▶ Collected material:
# # # # # # #

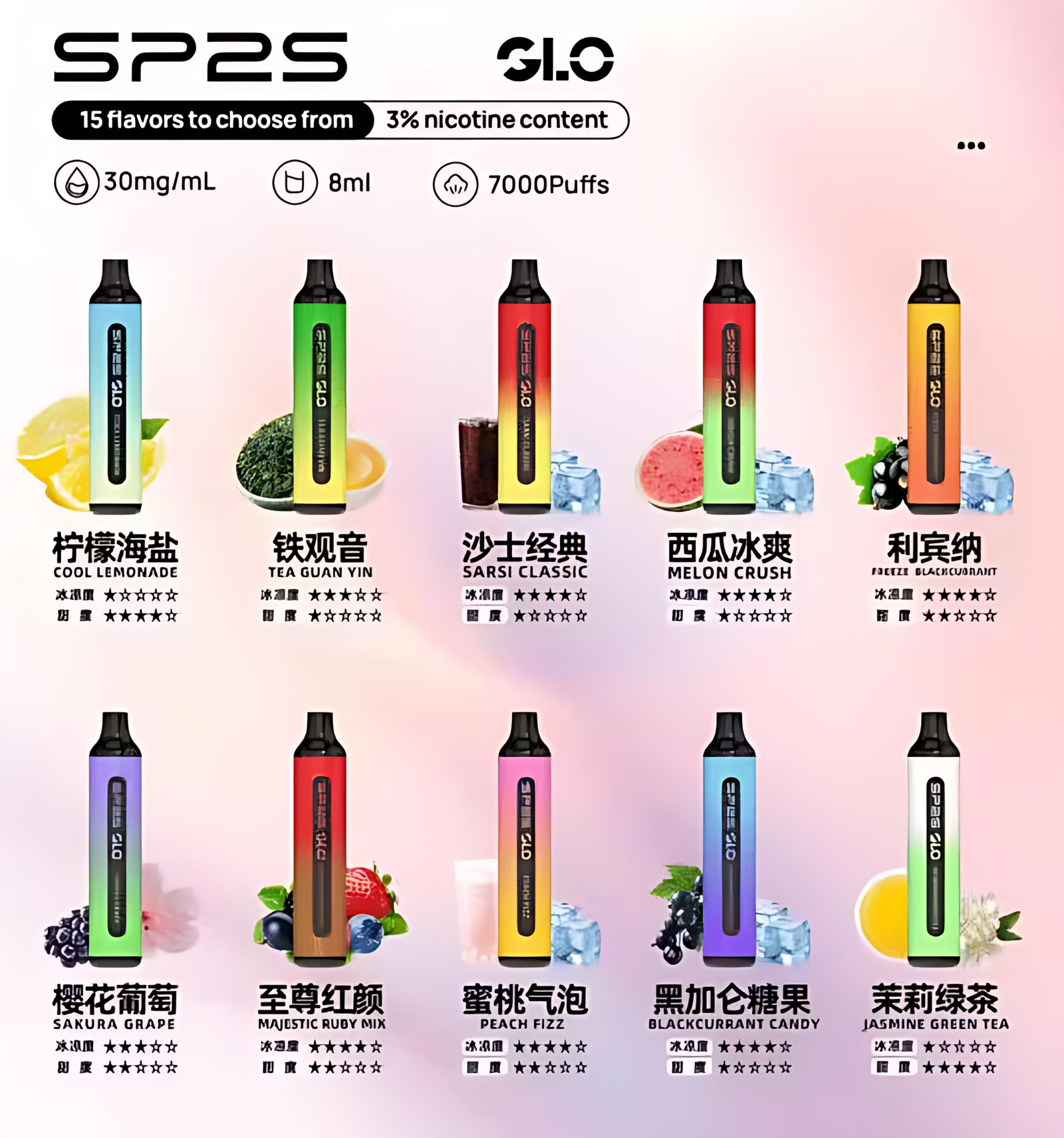 爆款上新-sp2s-GLO-7000口 拋棄式電子煙-15種口味-長續航·大口數·極致口感
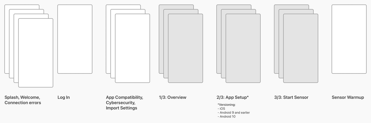 Work began with a presentation to senior leadership on Dexcom’s portfolio review board. I outlined the project goals, design team process, timelines, and needed resources. I highlighted the business value of an improved user experience and a scalable design system. The board welcomed a design vision that would support all the initiatives on the development roadmap (a “future-proof” design, as one SVP called it).
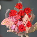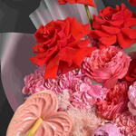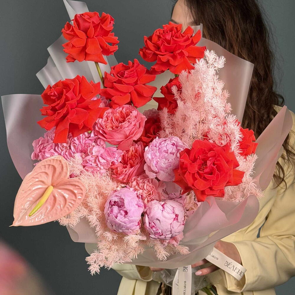 Антуриум - 1 шт. Гвоздика - 5 шт. Пион Сара Бернард - 3 шт. гортензия колумбия - 2 шт. аспарагус стабилизированный - 1 шт. нина роза - 8 шт. кенди экспрешн роза пионовидная - 2 шт.

# # # # # # #

▶ What you should do: All of the material should be written out again exactly, apart from the pictures.

▶ Your solution:
 爆款上新-sp2s-GLO-7000口 拋棄式電子煙-15種口味-長續航·大口數·極致口感
 Work began with a presentation to senior leadership on Dexcom’s portfolio review board. I outlined the project goals, design team process, timelines, and needed resources. I highlighted the business value of an improved user experience and a scalable design system. The board welcomed a design vision that would support all the initiatives on the development roadmap (a “future-proof” design, as one SVP called it).
 Антуриум - 1 шт. Гвоздика - 5 шт. Пион Сара Бернард - 3 шт. гортензия колумбия - 2 шт. аспарагус стабилизированный - 1 шт. нина роза - 8 шт. кенди экспрешн роза пионовидная - 2 шт.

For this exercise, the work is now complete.